= Data section =
== Segment start ==

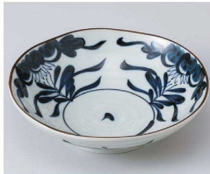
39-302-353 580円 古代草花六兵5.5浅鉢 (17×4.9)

== Segment end ==
== Segment start ==

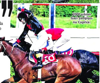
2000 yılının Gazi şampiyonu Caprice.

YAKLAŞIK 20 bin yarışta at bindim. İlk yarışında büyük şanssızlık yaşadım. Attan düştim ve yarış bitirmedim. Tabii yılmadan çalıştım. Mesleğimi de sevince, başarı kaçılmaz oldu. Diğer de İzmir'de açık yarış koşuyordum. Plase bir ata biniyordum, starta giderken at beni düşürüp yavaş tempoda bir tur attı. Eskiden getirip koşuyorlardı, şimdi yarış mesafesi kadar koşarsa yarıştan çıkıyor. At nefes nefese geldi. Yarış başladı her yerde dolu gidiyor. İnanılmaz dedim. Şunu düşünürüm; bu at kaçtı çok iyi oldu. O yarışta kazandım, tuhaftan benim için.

== Segment end ==

= Your assignment =
Your answer must be the lines above from the one containing "2000 yılının Gazi şampiyonu Caprice." to the one containing "YAKLAŞIK 20 bin", both included, restated word for word.

= Solution for this exercise =
2000 yılının Gazi şampiyonu Caprice.

YAKLAŞIK 20 bin yarışta at bindim. İlk yarışında büyük şanssızlık yaşadım. Attan düştim ve yarış bitirmedim. Tabii yılmadan çalıştım. Mesleğimi de sevince, başarı kaçılmaz oldu. Diğer de İzmir'de açık yarış koşuyordum. Plase bir ata biniyordum, starta giderken at beni düşürüp yavaş tempoda bir tur attı. Eskiden getirip koşuyorlardı, şimdi yarış mesafesi kadar koşarsa yarıştan çıkıyor. At nefes nefese geldi. Yarış başladı her yerde dolu gidiyor. İnanılmaz dedim. Şunu düşünürüm; bu at kaçtı çok iyi oldu. O yarışta kazandım, tuhaftan benim için.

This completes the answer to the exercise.